明らかに状況が変わってきている今日のプログラミングとは?

増14補足.分担してプログラムを作る

»

●今回の発端

 前々回、『増14.“テストファースト”と言われて』で、

  • 一人でプログラムを作成する場合

と、

  • 複数人で分担して作成する場合

を対比して提示しましたが、その(筆者の中での)背景の説明がなされていませんでした。年をまたぎましたが、それについて少々説明します。

●役割分担

 複数人で分担してプログラム(システム)を作る場合、全員が同じ仕事をするわけではありません。

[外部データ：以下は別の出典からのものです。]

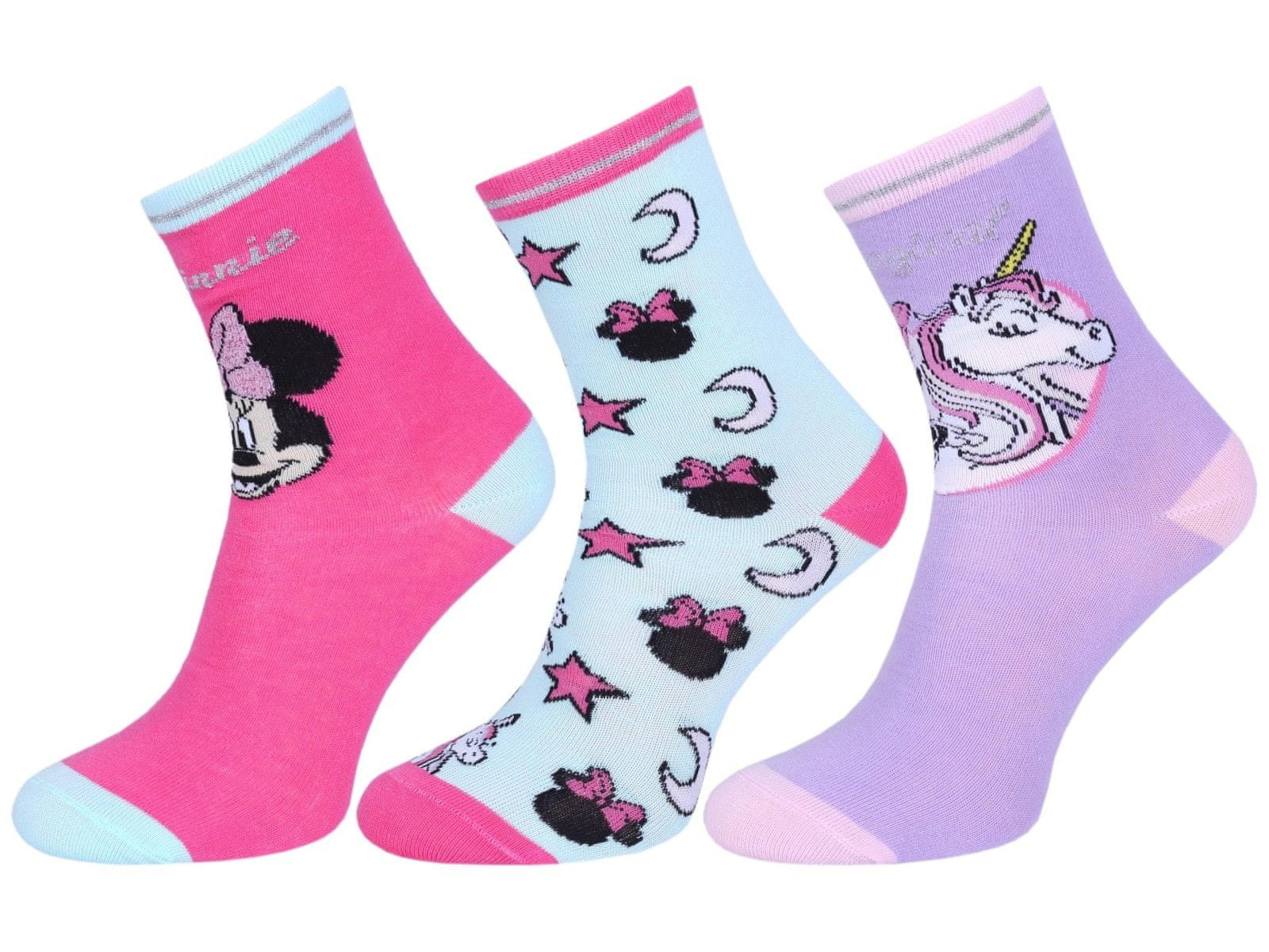 Tri pari nogavic v roza, mint in vijolični barvi z motivi Minnie Mouse in samoroga.
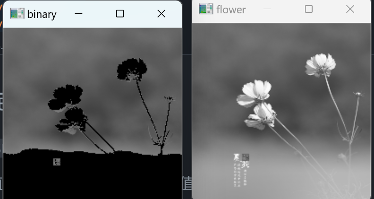 设置一个阈值,将灰度图中的每一个像素值与该阈值进行比较,小于等于阈值的像素就被设置为0(通常代表背景),大于阈值的像素就被设置为maxval(通常为255)
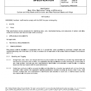 This specification covers procedures for identifying bars, wire, mechanical tubing, and extrusions of carbon and alloy steels and corrosion and heat-resistant steels and alloys.

  1. お客さんは、「なになにを満たすすべて」がうまくいくことを要求。
  2. 上流工程の人は、それでは他人に伝わらないので、指示を出す形式(仕様書のような)に変換。
  3. 下流工程の人は、「その指示を満たす特定の」実装を作成。
  4. テスト工程の人は、「その指示から正解値を実装と独立して得、その通りか調べる」。

ことになると思います。

 大抵、上流工程以上での議論は企業秘密、それに対し、下流工程での議論は世の中にこれほどのことは類例を見ないというほどオープンで、インターネット上でいろいろな知識が得られると思います(ただ、実際、下流工程で作成されたアプリケーションソフトの結果は、上流工程以上での情報を含んでいるので、どうしても秘密になります)。

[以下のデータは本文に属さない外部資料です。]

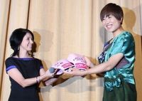 最後に、2月にボクシング全日本女子選手権に臨む山崎に、黒木、木村、真矢からピンクのサイングローブがプレゼントされた。黒木は「ここにいるみんなも応援しているので、オリンピックを目指して頑張って!」と激励。山崎も「勝ちます!」と力強く答え、感激しきりだった。会場も、劇中同様に新たなステージに挑む山崎を拍手で励ました。
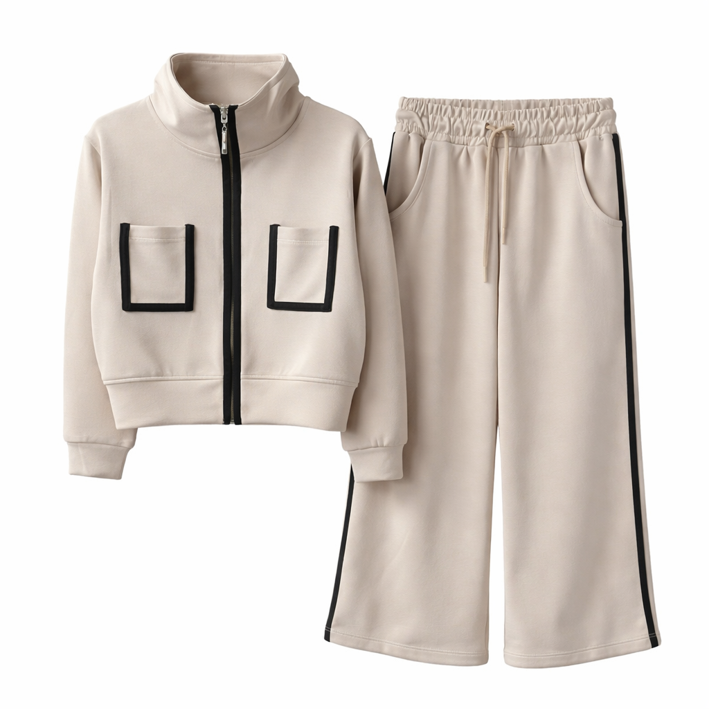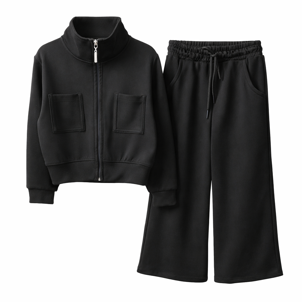 Duksi me zinxhir ka dizajn praktik me jakë të lehtë dhe xhepa funksionalë përpara, ndërsa pantallonat janë të pajisura me bel elastik dhe lidhëse, duke siguruar përshtatje të rehatshme dhe liri të plotë lëvizjeje. Materiali është i butë, i ngrohtë dhe i qëndrueshëm, ideal për sezonin e vjeshtës dhe dimrit.
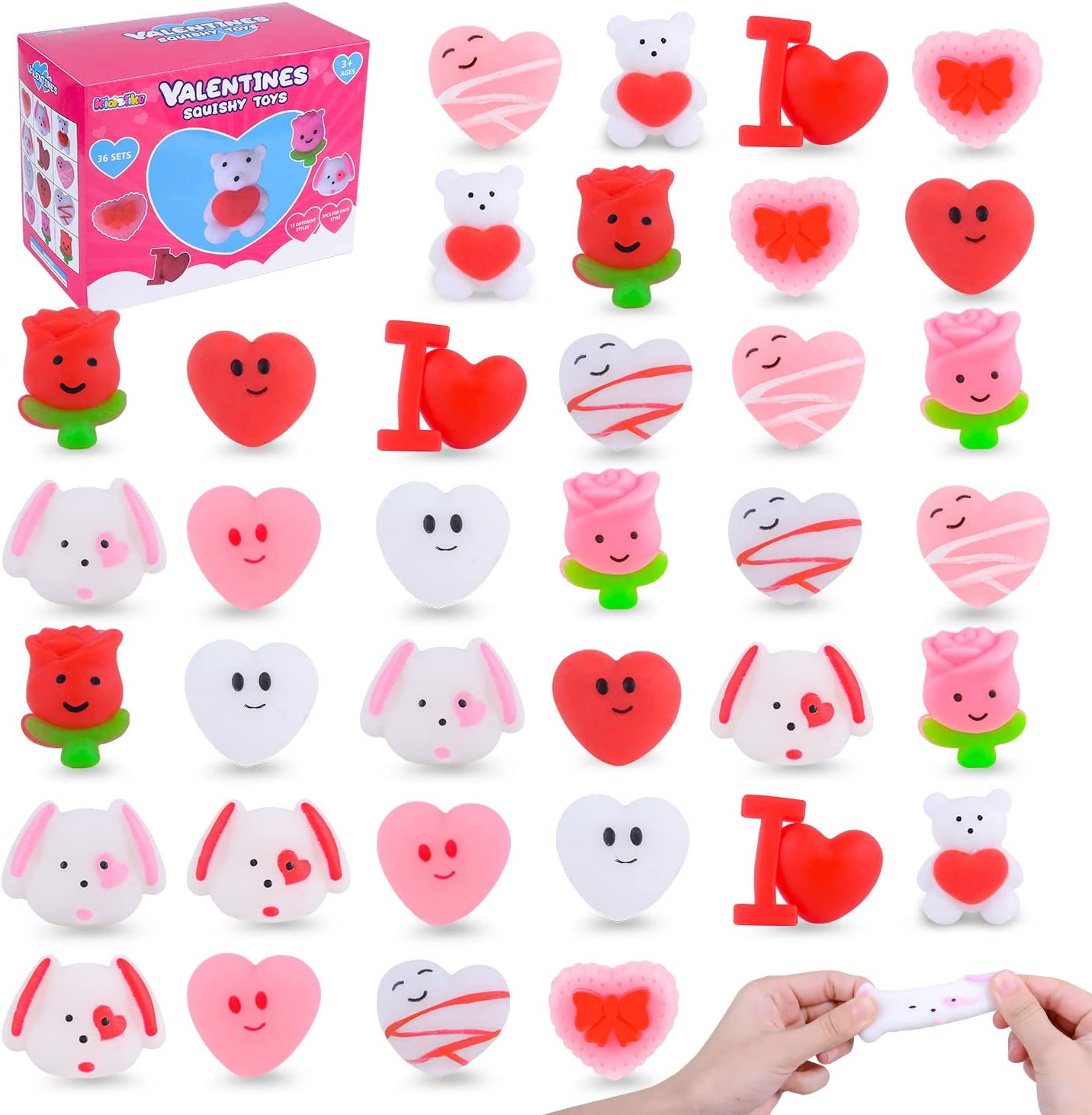 Valentines Day Gifts for Kids-36 Pack Valentines Squishy Toys for Boys Girls, Valentine's Day Decorations Party Favor supplies, Stress Relief Squeeze Toys for Kids, School Classroom Exchange Prizes

 実は、上流工程以上と下流工程は、うまくかみ合っていません。オブジェクトモデルと、リレーションモデルのミスマッチなんて屁でもないほどかみ合っていないです。設計書などで、何でこんなことを思いついたのか、下流工程の人間にはさっぱり分かりません(逆に、かみ合っているならば、とっくにプログラムの自動生成が可能だったはず)。

 かみ合っていないので、下流工程の人間は「気を利かせる」ことができない、下流工程の人間は自発的に「何が正しいか」を思い付くことができない、という状態になります。

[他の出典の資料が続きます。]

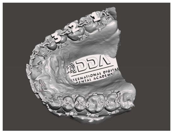 In each scan, the method of scanning followed the International Digital Dental Academy Scan Training Model [] (Figure 2): starting on the upper left-most distal molar, continuing occlusally across the full arch, pivoting to the palatal side to capture the palatal surfaces, and then returning along the buccal surface with a constant progression.
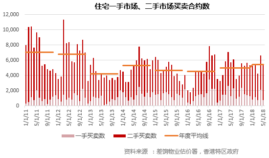 从2018年第二季度住宅交易情况来看,一手住宅在经历2月和4月的买卖宗数和价值高峰之后出现回落,5月仅录得交易宗数756宗,尚不足4月交易宗数的四成。这反映出第二季度缺乏大型新盘开售,只有新盘货尾推出,使得与一手住宅交易显著回落。二手住宅交易市场持续火热,5月录得交易宗数4766起,创2015年起三年新高,总价逾389亿港元,相比起4月的4524起以及352亿港元分别上升5.3%及10.5%,反映4月期间二手楼市气氛向好,市场缺乏新盘开售,令购买力回流二手市场,带动二手住宅持续火热。
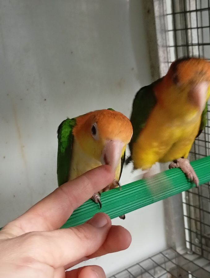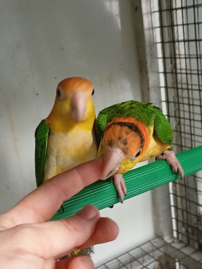 Ils ont été élevé à la main, les jardines sont très câlins, les caïques viennent toucher les doigts, mais ne se laissent pas manipuler. C'est possible de les apprivoiser avec plus ou moins de temps.
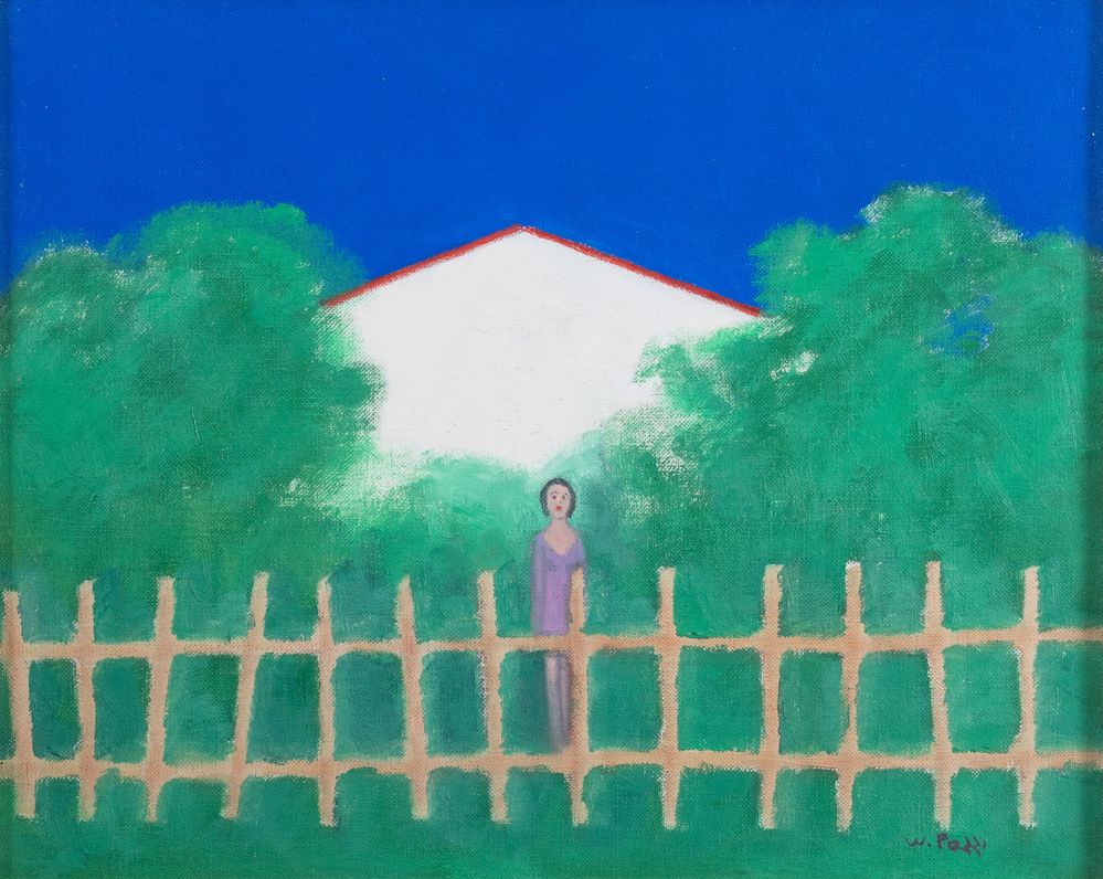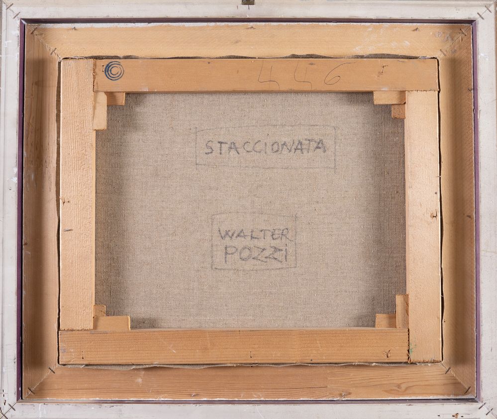 WALTER POZZI (1911 – 1989) "Staccionata". Olio su tela. Cm 40x50. Opera firmata in basso a destra W. Pozzi. Al retro opera intitolata e firmata Staccionata, Walter Pozzi.

 もちろん、「なになにを満たすすべて」を知っていれば思いつきますが、それは企業秘密です(オープン化全盛の時代、そちらまでオープンにすれば済むじゃないかとも言えますが、さすがにそこをオープンにしてしまうと儲けのネタが無くなり、ITの会社にも発注してもらえなくなるので、さすがにそれは永久に無理だと思います)。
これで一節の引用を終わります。